Loganair's Westray to Papa Westray route is the current shortest scheduled passenger flight in the world. Flights on the route are scheduled for one-and-a-half minutes, and actual flying time is closer to one minute. The record for the fastest flight is 53 seconds. The route is flown by Loganair, a Scottish regional airline that serves Scotland's Highlands and Islands.

==Background==
With the completion of Papa Westray Airport's runway extension and removal of its stone walls in November 1967, the route was inaugurated by Loganair on 4 December 1967, establishing the record for the world's shortest scheduled commercial flights.

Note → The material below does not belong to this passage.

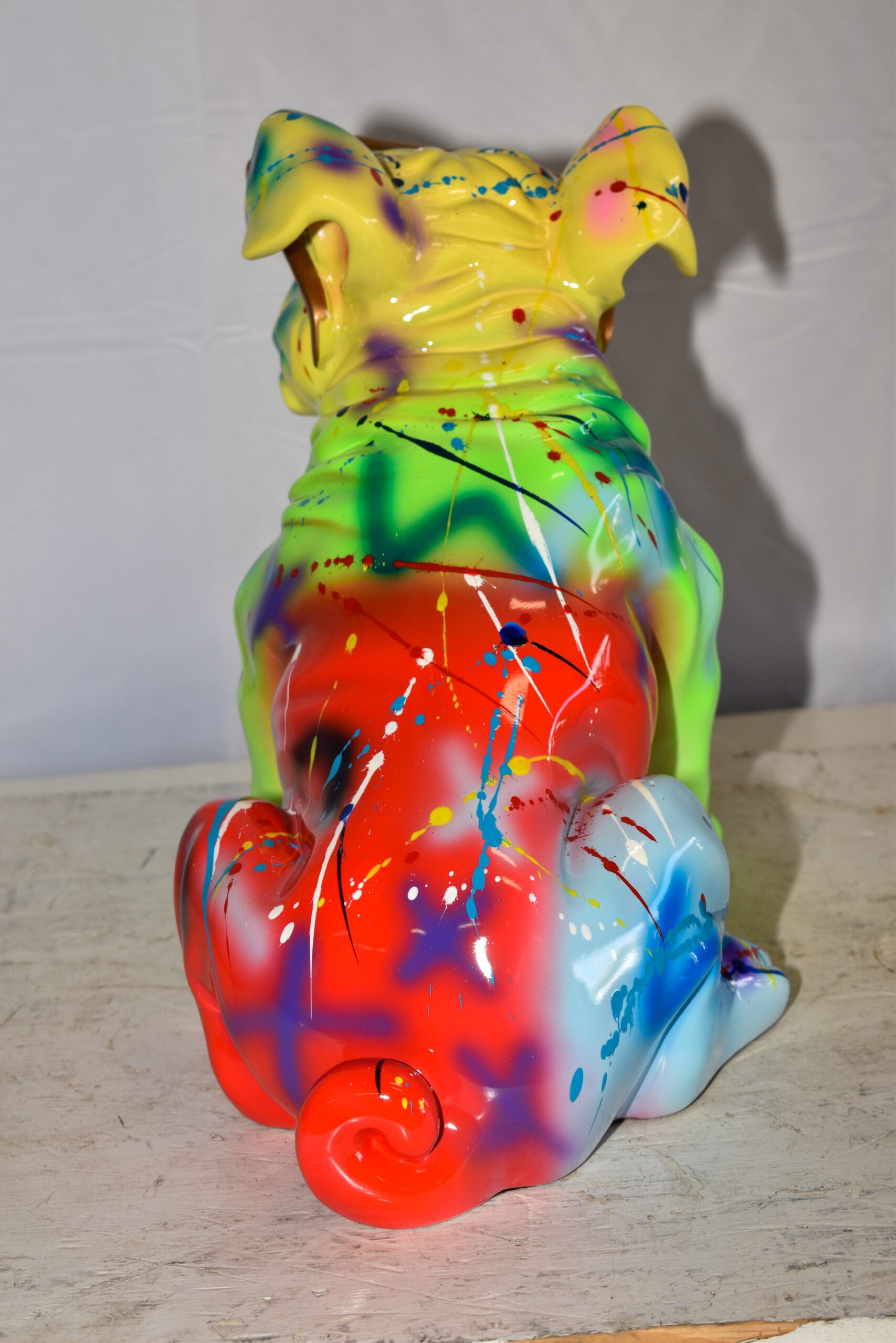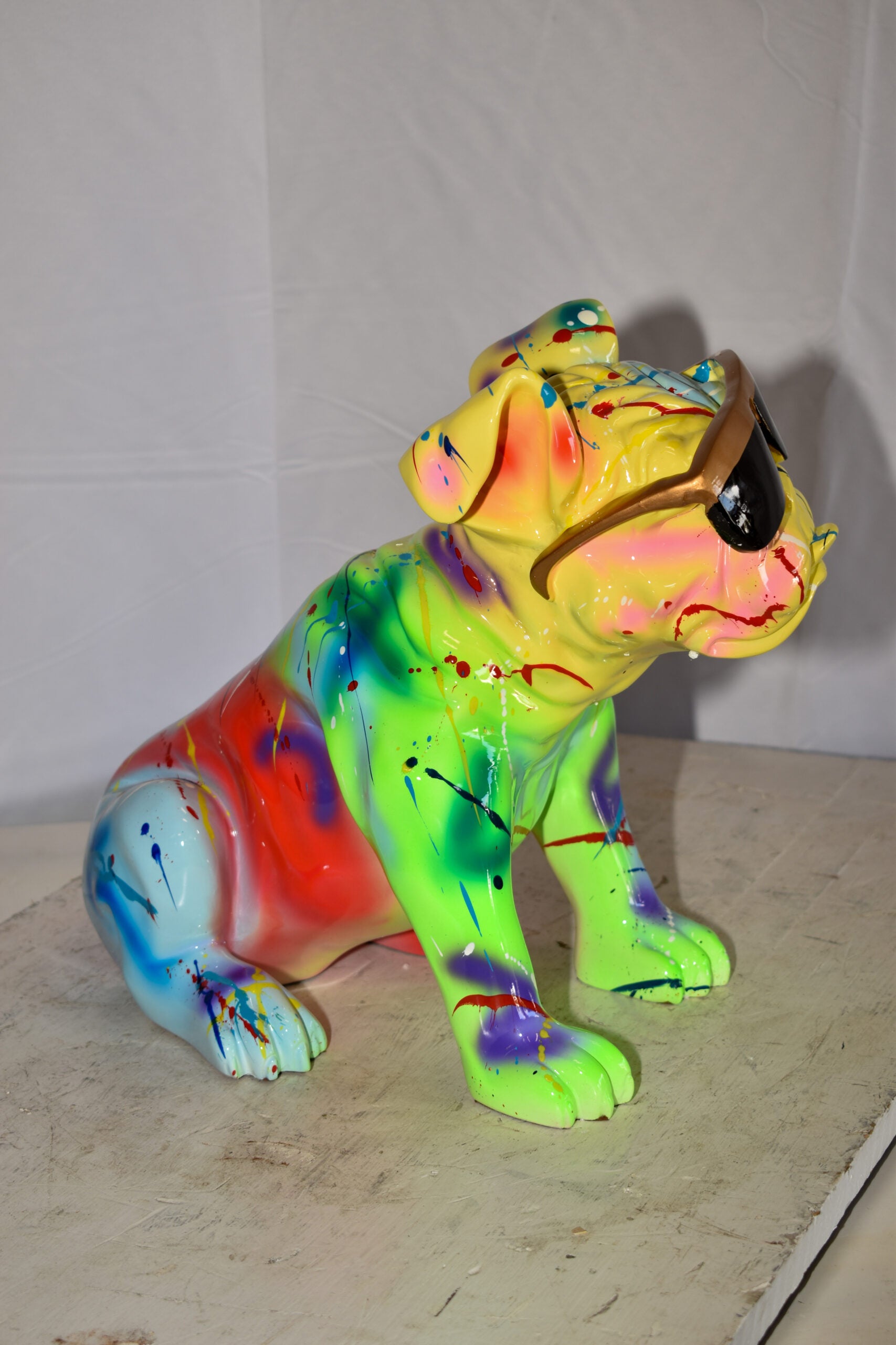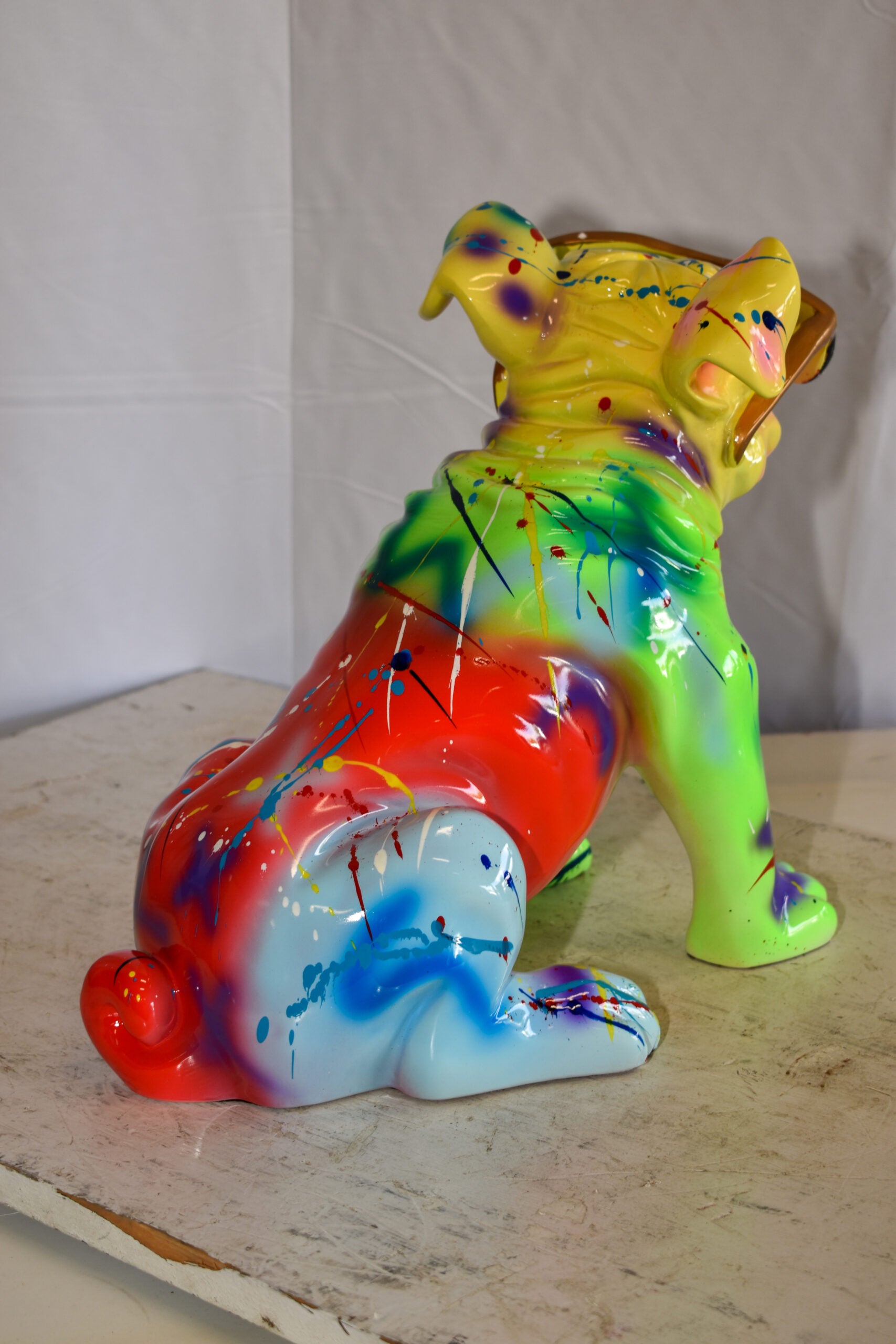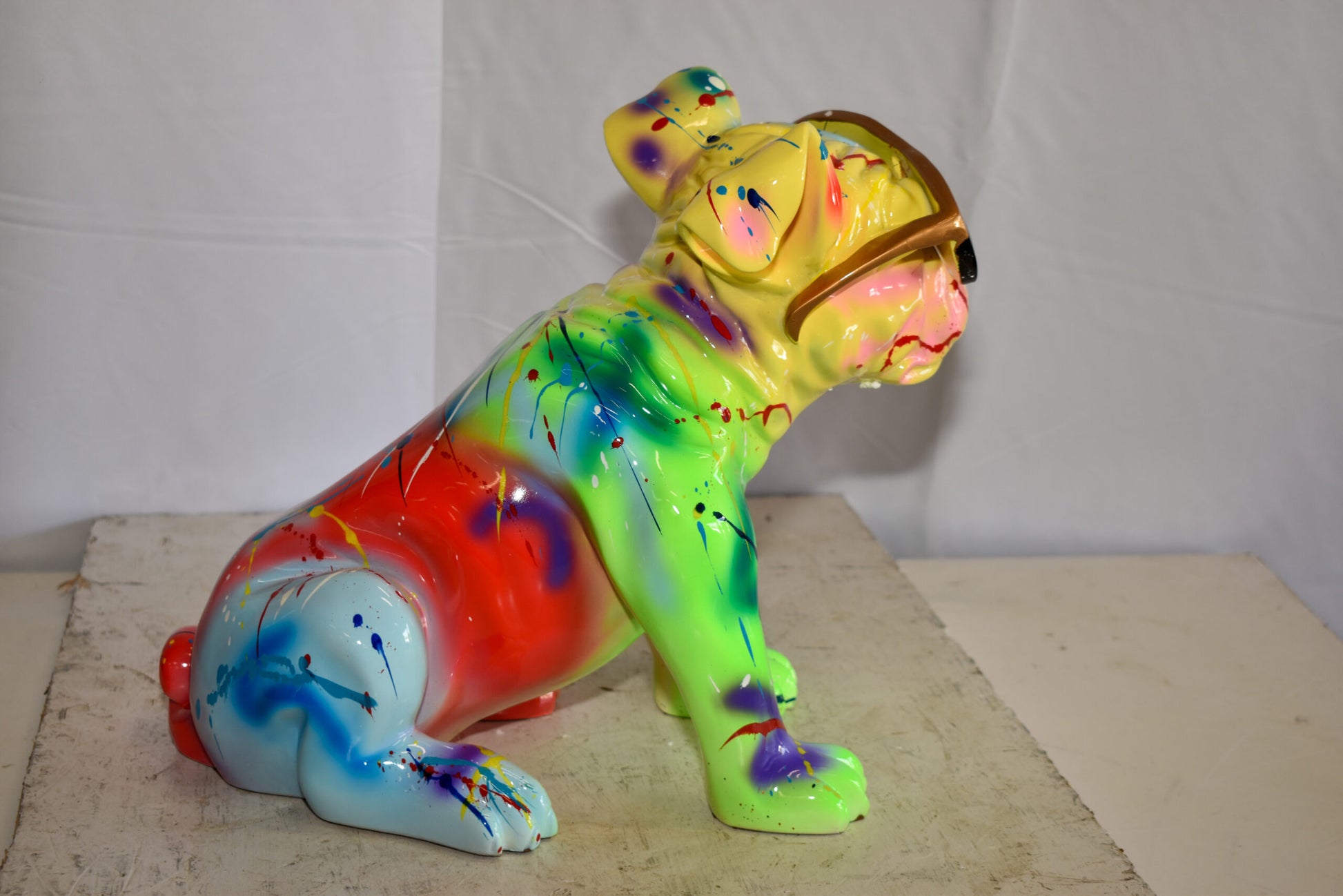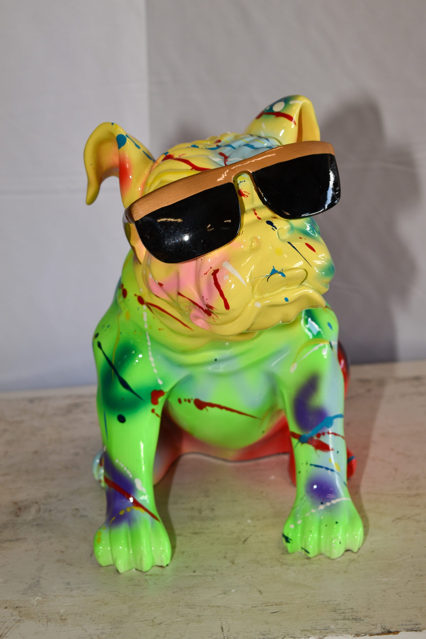 This multicolored graffiti patterned resin statue of a bulldog with shades on is humorous, colorful, and fun! It will be sure to stop eyes in any room and add vibrance to any space. Size: 16"L x 9"W x 13"H. Weight is: 6Lb

This route between the Orkney islands of Westray and Papa Westray in northern Scotland is part of Orkney's Inter-Islands air service which was launched in September 1967 with the initial connection of three of the Orkney islands. An additional route connected a fourth island, Westray, in October, and the addition of Papa Westray in December brought it up to five connected islands by the end of 1967. (Note: It would go on to add a sixth island, Eday, in May 1971.)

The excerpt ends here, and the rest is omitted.